Hmmm... That is what I get for rushing to make comments and rushing at looking at code.  Debug message is correct... according to the code.  Digging into this a bit further now.

By: Michael L. Young (elguero) 2013-04-24 12:34:51.201-0500

Peter, can you give this patch a try and see if this corrects the problem.  [^asterisk-21246-rtp-cng-payload-error_1.8.diff]

Thanks

By: Peter Katzmann (pk16208) 2013-04-25 06:40:17.080-0500

Logfiles with asterisk-21246-rtp-cng-payload-error_1.8.diff.

Its different but still does change the codec

By: Michael L. Young (elguero) 2013-04-25 11:52:35.361-0500

Please try this updated patch if you can.  [^asterisk-21246-rtp-cng-payload-error_1.8_v2.diff]

I appreciate your testing.

What is actually supposed to be happening is that, since you have "rtpkeepalive" set to 20 secs, Asterisk will send an empty rtp packet.  We are using a CN packet to keep the rtp alive.

The bug is that we are setting the payload to ULAW when it should have been CN.  Also, we should not be setting the marker bit like we currently are doing.  I also have fixed the debug message that has been bothering me so that we get an accurate debug message which matches the actual seqno in the pcap.

Thanks for your testing and feedback.  I was also able to finally produce these packets by setting rtpkeepalive and everything appears to be working but it is always good to have another person test it in their environment.

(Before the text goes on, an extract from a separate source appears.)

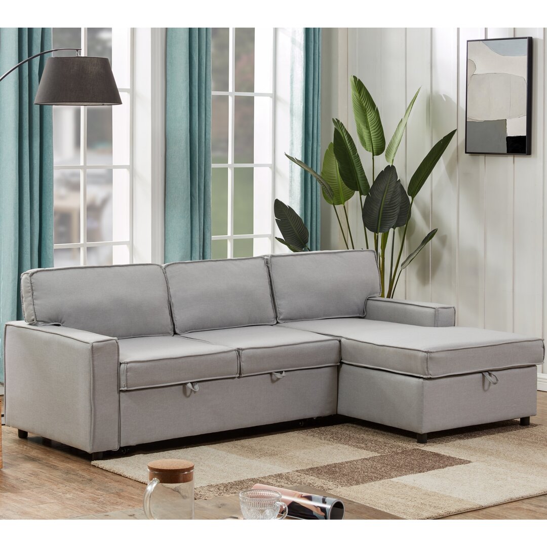 Dieses Ecksofa überzeugt mit seinem edlen Look in modischen Farben und passt perfekt zu jeder modernen Einrichtung. Das Sofa hat stilvolle Armlehnen mit Ziernieten und Aufbewahrungstasche. Die elegante Farbe und die hochwertigen Stoffe hellen deinen Raum auf. Das Ecksofa ist mit weichen Leinenbezügen gepolstert. Die Sitze sind mit weißer Polyesterfaser und Taschenfedern gefüllt, was für einen hohen Sitzkomfort sorgt. Benötigst du eine zusätzliche Schlafgelegenheit, kannst du das Sofa einfach in ein Bett umwandeln. Ebern Designs Polsterfarbe: Grau

By: Peter Katzmann (pk16208) 2013-04-26 09:30:51.043-0500

Just for your info.
No negative side effects observed

peter

By: Michael L. Young (elguero) 2013-04-26 10:10:37.857-0500

Peter,

Are you sure you are using only the second patch?  The pcap and the debug log look the same as if it was done with the first patch.

Also, just to clarify, has your audio distortion been fixed?

Thanks

By: Peter Katzmann (pk16208) 2013-04-26 11:10:23.705-0500

Michael,

Currently not so sure.
It seems that the debian build mixed both patches.
So i have to redo it and will send report on monday.

Currently i can't hear audio problems but will look harder :)


By: Peter Katzmann (pk16208) 2013-04-29 01:47:58.410-0500

New traces now with correctly applied v2 patch

By: Michael L. Young (elguero) 2013-04-30 07:56:38.765-0500

That looks more like it.  Thanks for helping with the testing.  We will work on getting this into the code base now.